Итак, загадка вещности мира и тайна его личностности – таковы онтологические опоры коммуникации, которая сама есть сердцевина мировой жизни и отнюдь не сводится к передаче информации. Например, наследственность (феномен генетической информации) не имеет с коммуникацией ничего общего, а обмен информацией между человеком (личностью) и компьютером (вещью) вовсе не является их общением; наконец, некоторые способы высказывания (диалог согласия или покаяние, обращенное к Богу) могут быть вовсе лишены информативности. Коммуникация – это взаимодействие внутренних реальностей (личностей) посредством сознания – речи – языка в социальных ситуациях внешней реальности. Сказанное можно схематизировать в следующей семизвенной модели:

 

Внешняя реальность Социальность Язык Коммуникация Речь Ментальность Внутренняя реальность
Вещи Функции Знаки (тексты) Смыслы (дискурсы) Значимости (версии) Интенции Личности

 

Любой узел этой схемы не сводим к соседнему, обладает собственным онтологическим содержанием. В то же время все ее отрезки (исключая полюса) суть секторы взаимоналожения и взаимодействия двух соседних сфер. Социальность немыслима как вне вещного мира, так и вне сферы языка (знакового функционирования вещей). Язык порождается и питается, с одной стороны, социальностью отношений между субъектами жизни, с другой – репертуаром дискурсов (способов вступать в коммуникацию). Речь формируется тем же репертуаром дискурсов, с одной стороны, и репертуаром интенций – с другой. Наконец, какая-либо ментальность возможна только на базе личности и при условии дара речи.

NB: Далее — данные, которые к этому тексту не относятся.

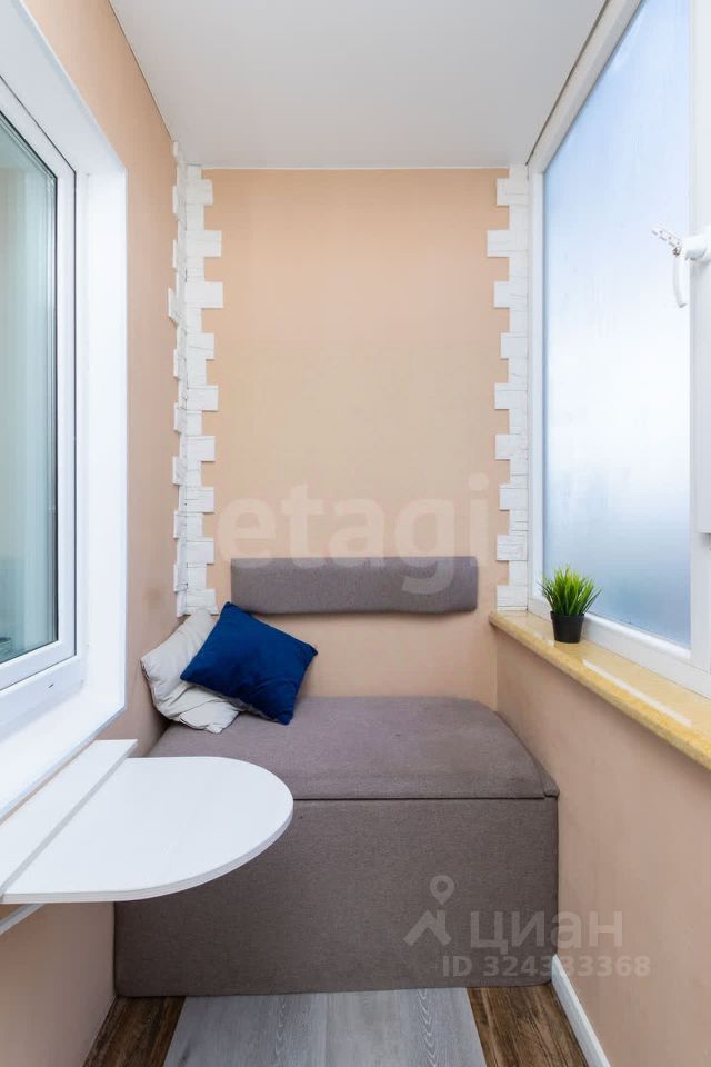 Санузел отделан кафелем, а на потолке установлен подвесной потолок, что добавляет современности. Балкон — это ваше личное пространство для отдыха: здесь обои, кирпичный декор, натяжной потолок, точечное освещение и теплый пол, где можно разместить диванчик и столик для утреннего кофе. Второй балкон оформлен ковролином и также имеет натяжной потолок с точечным освещением.

Соответственно, высказывание как «сложное единство языковой формы, значения и действия»[38] (на сознание) предстает своего рода равнодействующей трех структур: языковой – текста, а также двух речевых – двух версий этого текста (креативной и рецептивной). Для понимания коммуникации, по мысли Н.И. Жинкина, «самое существенное состоит в том, что язык, давая возможность выразить бесконечно много мыслимых содержаний, не может выполнить эту роль без интерпретаций»[39], множащих версии того, что высказано.

Однако при этом дискурс обладает и собственным содержанием, и собственной структурностью: его онтологическую основу составляет система интерсубъективных значений, несущая в себе высший смысл данного коммуникативного события. Это связующее звено между объективностью знаков и субъективностью их смысловых значимостей. «Различные интерпретации, – писал Томас С. Элиот, – это как бы многократные попытки сформулировать одно и то же; разночтения же возникают из-за того, что в стихотворении (как и в любом дискурсе – В.Т.) заключен смысл более широкий, нежели то может передать обыкновенная речь»[40]. Поле такого смысла и составляет референтное содержание дискурса.

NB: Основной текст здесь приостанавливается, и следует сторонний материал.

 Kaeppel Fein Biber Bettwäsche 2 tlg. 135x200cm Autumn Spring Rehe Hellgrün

Речевой акт смыслооткровения состоит в том, что сознанием участника коммуникативного события, направленным на производство или воспроизводство текста, формируются версии («образы») автора, референта и слушателя/читателя данного высказывания. Иначе говоря, структура речевой версии текста являет собой триаду интенций, внутренне оформленных (семиотизированных) установок сознания: референтной, креативной и коммуникативной – для инициатора дискурса; референтной, коммуникативной и рецептивной – для его восприемника.

После Гуссерля интенциональность трактуется не в категориях замысла или проекта, но как неизбежная направленность сознания: оно всегда есть сознание чего-то. Референтная интенциональность состоит в направленности сознания на некоторый объект. Коммуникативная (межсубъектная) интенциональность в обоих случаях состоит в том, что «я воспринимаю другого как воспринимающего меня»[41]. При этом говорящий/пишущий идентифицирует себя с креативной интенцией овнешнения (манифестации) данного коммуникативного события, тогда как слушающий/читающий идентифицирует себя с рецептивной интенцией его овнутрения (интериоризации).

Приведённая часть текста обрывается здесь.